They're all encoded into a single command buffer which is...and the single command buffer goes into a command queue.

So this is kind of what most applications will look like; multiple render to texture passes going into a command encoder on a frame boundary that's sent to the command queue.

I did a demo of the application.

[ Pause ]

Ok, I have it here.

So this is the upload of the first pass where we are rendering basically through that buffer from the perspective of the directional light.

And this is how our G-buffer is laid out.

On the top left we normally have RB to texture, but we're showing basically the combined image that is going to go to the screen when we're actually done with our entire rendering.

And there's a normal buffer, and a depth buffer, and a light accumulation buffer, 4 color buffers basically attached to a framebuffer and depth and stencil buffers as well.

This is the light accumulation; there's also the light accumulation pass.

And these are the visualization of the lights basically using light voluminous.

They're mapped onto the screen.

And finally this is the final image that goes to the display.

It looks a lot better on the device than on the presentation.

Ok, let's go back to our presentation.

Ok, so how do we setup an application like this or more complicated ones that you have seen in the demos using Metal?

Just like Jeremy talked about in the first session and looked at the things what frequency things are done and moved the most heavy ones to the least frequently done stages.

An application has a lot of things that are done once and there are things that are done at low level times or streaming time, and there are things done every frame and in an application there are also things that are render to textures.

So we're going to look at each category and figure out what is done in these categories and figure out how to do those with Metal.

Let's start with the things that are done once.

Creating a device.

They are the only ones you queue on the system so you're going to get a GPU and are handled through the GPU, and creating a command queue on the GPU is only done once in most of the applications.

And Richard told you something about this; I'm not going to talk about that in this session.

There are things we do as needed.

For example; we know up front in all of our applications what our render to texture stages will be.

There are usually a set of render to texture passes, that are known up front for like an indoor environment or an outdoor environment and they might change if there's like [inaudible] included or something like that but most of them are up front.

You know as an application developer what your render to texture passes will be, in what order they're going to be done, and what kind of framebuffers that are going to be used with those.

So we can actually define...create the framebuffer textures for those passes and define what those textures are going to look like up front at once.

And at level load time we can download our assets including our meshes, textures and then basically our shaders and associated with those shaders to create pipeline objects, and the pipeline objects.

And of course we can create our uniform buffers up front as well.

These are the things that we do either at level load time at once or depending on if we're going to stream load or not, at other times as well but only as needed.
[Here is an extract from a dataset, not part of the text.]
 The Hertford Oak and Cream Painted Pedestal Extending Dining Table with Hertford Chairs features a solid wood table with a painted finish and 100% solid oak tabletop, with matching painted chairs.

In our example, we're using a single command buffer to submit a set of render to texture passes to basically have the results of our render to texture passes to show up on the screen so that's basically a frame boundary operation.
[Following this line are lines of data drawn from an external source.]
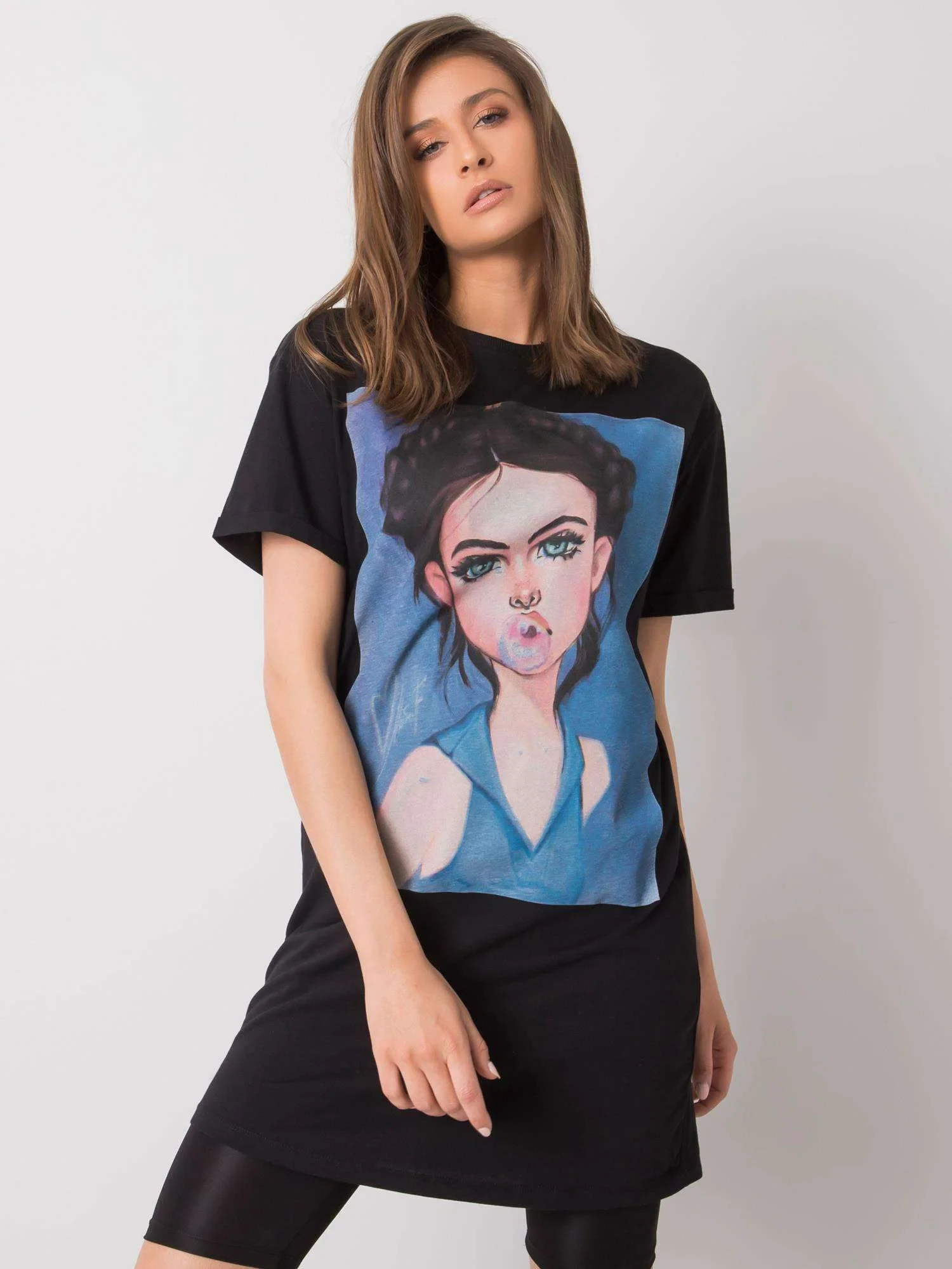 SUBLEVEL Černá bavlněná tunika s potiskem.
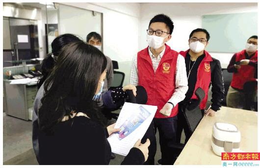 东莞税务干部在抗疫志愿服务工作中,为企业介绍战疫税费优惠政策。
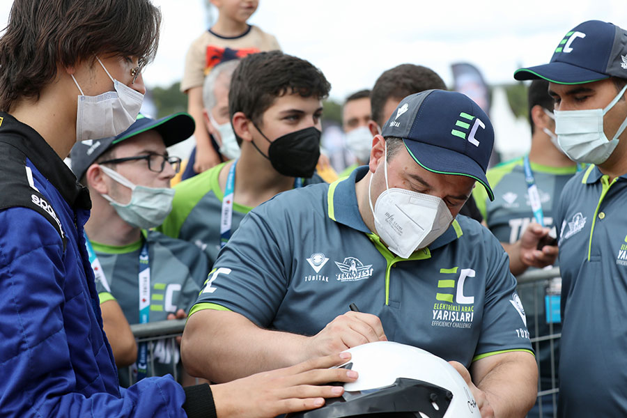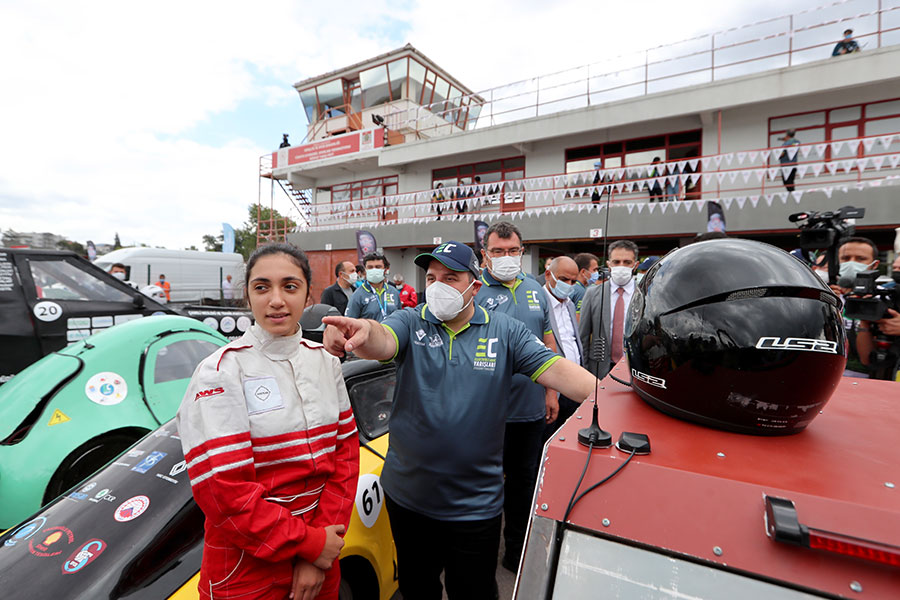 Varank, Efficiency Challenge (EC) Elektrikli Araç yarışması öncesinde pistte bulunan üniversiteli öğrencileri tek tek ziyaret ederek, başarılar diledi.
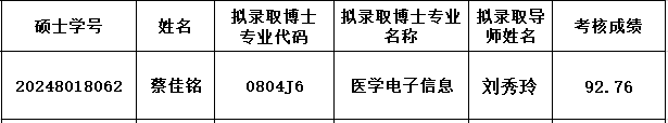 根据《河北大学硕博连读研究生招生培养工作管理办法》(校政字〔2024〕39号)文件精神,按照《河北大学2026年硕博连读研究生招生录取办法》及《电子信息工程学院2026年硕博连读研究生选拔工作实施细则》,学院组织了医学电子信息专业硕博连读研究生考核工作,现将该专业硕博连读研究生综合考核成绩公布如下:
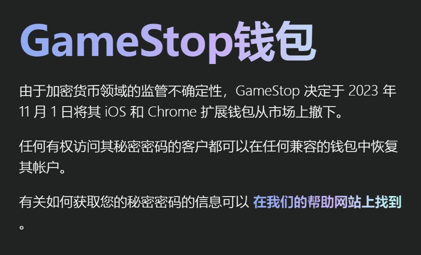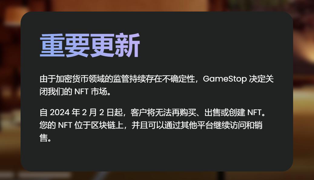 2022年5月份,北美知名遊戲零售商Gamestop宣佈建立自己的NFT市場,而僅18個月後他們的NFT網站便貼出了關停通告,理由是認爲加密領域的監管存在長期不確定性。
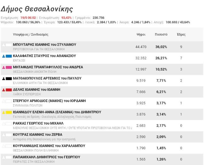 Για τη Θεσσαλονίκη με ενσωματωμένο το 931,43 % (ενημέρωση στις 6:02) στην πρώτη θέση βρίσκεται ο νυν δήμαρχος Γιάννης Μπουτάρης με 36,02% και ακολουθεί ο Σταύρος Καλαφάτης με 26,21%.
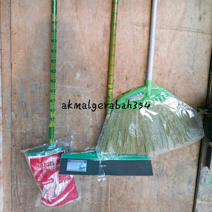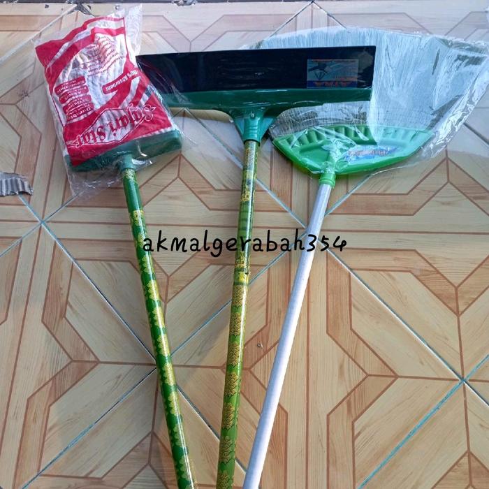 Paket Hemat Sapu 3 In 1 Sapu,Pel,Wipper Gagang Kayu

Every time you want to have something to go to the screen, we're going to basically create a command buffer and use it to encode our render to texture passes so this is something we do every frame.

Of course there are uniform buffers that need to be updated on frame boundaries; that's where you do it as well.

And finally the things we do every render to texture pass such as encoding the command so that GPU can understand.

Setting up the states and resources, and initiating draw calls.

And then finally finishing the encoding so you can go to the next encoder.

So these are the things we do every render to texture pass and we're going to basically look at each one of them and understand how Metal is used to do these operations.

Ok, let's start with the things that we do as needed and understand how we can setup information for our render to texture passes up front so that when we create our encoders; all the information that is necessary for that encoding is ready.

But before we go there, I'd like to speak a little bit about descriptors because all of the code examples have lots of descriptors and I'd like to establish that all of the descriptor...that all of the descriptor are defining how an object is going to be created.

It's like the blueprint and just like the blueprints you basically use to build a house from, once a house is built, you don't have actually a connection back to the blueprint.

You cannot change the blueprint and see in fact a change on an already built house.

You cannot change a descriptor and expect a change to the built object from that descriptor.

Descriptors are there to define what objects are going to be but once they're created, the connection is lost.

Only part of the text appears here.